3.3. Performance on Benchmark Datasets
We evaluated the performance of Mito-Mixer on two widely used benchmark datasets: SM424-18 and SubMitoPred. To provide a rigorous assessment, we compared our model against several state-of-the-art (SOTA) predictors, including iDeepSubMito, DeepMito, and SubMito. The performance was quantified using the class-specific Matthews’ Correlation Coefficient (MCC) for the four sub-compartments (matrix, inner membrane, outer membrane, and intermembrane space) and the Generalized Correlation Coefficient (GCC) for overall classification consistency. The performance metrics reported for Mito-Mixer in
Table 4 and
Table 5 represent the mean evaluation scores obtained from the stratified 5-fold cross-validation process. This methodology aligns with standard practices for evaluating models on these specific benchmarks, ensuring fair comparison against SOTA predictors.
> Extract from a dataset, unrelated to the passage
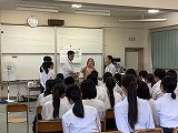 7月1日(火) ■職場体験学習に向けてのマナー講座として、呉阪急ホテルの特別講師から「マナーとは何か」「なぜ、大切なのか」「プロフェッショナルの心得」など、実技を含めて学ぶことができました。 |

The SM424-18 dataset serves as a rigorous benchmark due to its high sequence diversity and the inherent difficulty in distinguishing between the four submitochondrial compartments. As demonstrated in
Table 4, Mito-Mixer achieves a superior performance profile across all evaluation metrics compared to established deep learning architectures such as DeepMito and iDeepSubMito.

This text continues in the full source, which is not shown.